-- Provided data follows --
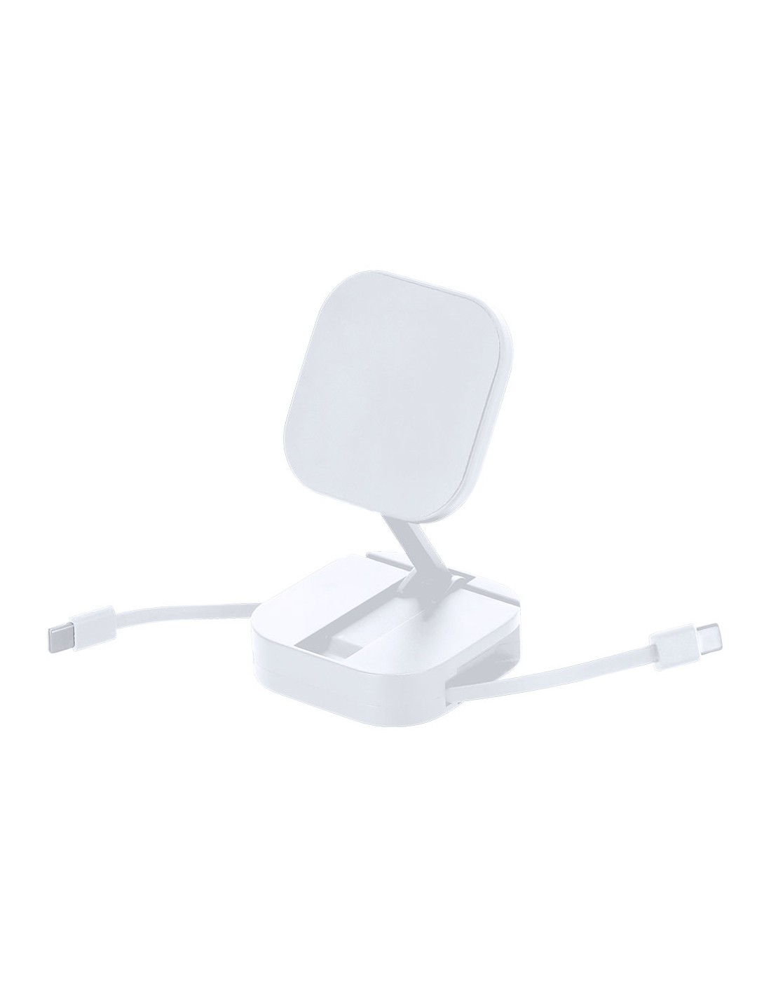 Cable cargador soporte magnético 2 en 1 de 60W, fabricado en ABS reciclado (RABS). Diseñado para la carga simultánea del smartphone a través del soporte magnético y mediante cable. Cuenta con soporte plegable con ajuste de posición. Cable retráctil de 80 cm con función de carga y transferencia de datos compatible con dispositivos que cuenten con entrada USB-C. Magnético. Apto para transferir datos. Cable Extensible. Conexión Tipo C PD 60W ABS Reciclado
-- Provided data concluded --
-- Provided data follows --
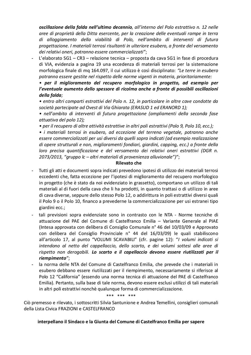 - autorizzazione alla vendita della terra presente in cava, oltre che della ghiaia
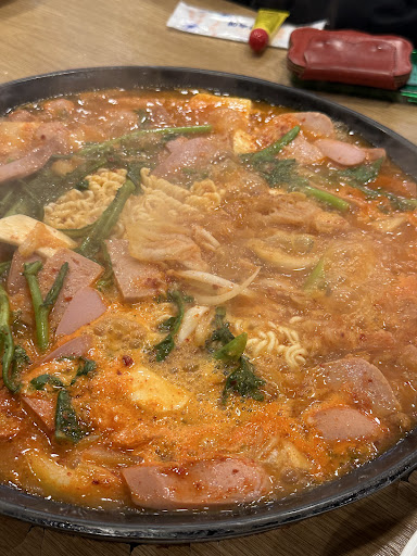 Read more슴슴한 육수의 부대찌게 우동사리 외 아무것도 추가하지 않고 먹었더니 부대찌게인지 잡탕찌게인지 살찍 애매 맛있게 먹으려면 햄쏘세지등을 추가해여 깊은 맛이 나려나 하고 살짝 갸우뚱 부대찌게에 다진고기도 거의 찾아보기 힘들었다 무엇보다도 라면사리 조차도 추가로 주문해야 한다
-- Provided data concluded --
-- Provided data follows --
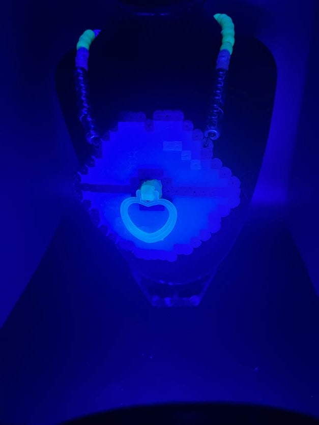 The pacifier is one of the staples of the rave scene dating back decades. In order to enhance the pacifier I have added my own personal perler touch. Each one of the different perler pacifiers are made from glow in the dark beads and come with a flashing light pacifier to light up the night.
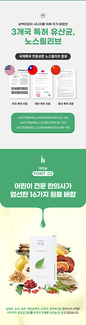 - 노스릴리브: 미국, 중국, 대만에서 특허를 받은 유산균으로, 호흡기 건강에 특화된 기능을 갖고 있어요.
-- Provided data concluded --
Action item:
Print an exact copy of the lines above, from the one containing "The pacifier is" through the one containing "- 노스릴리브: 미국, 중국, 대만에서", and leave out the pictures.

Task response:
 The pacifier is one of the staples of the rave scene dating back decades. In order to enhance the pacifier I have added my own personal perler touch. Each one of the different perler pacifiers are made from glow in the dark beads and come with a flashing light pacifier to light up the night.
 - 노스릴리브: 미국, 중국, 대만에서 특허를 받은 유산균으로, 호흡기 건강에 특화된 기능을 갖고 있어요.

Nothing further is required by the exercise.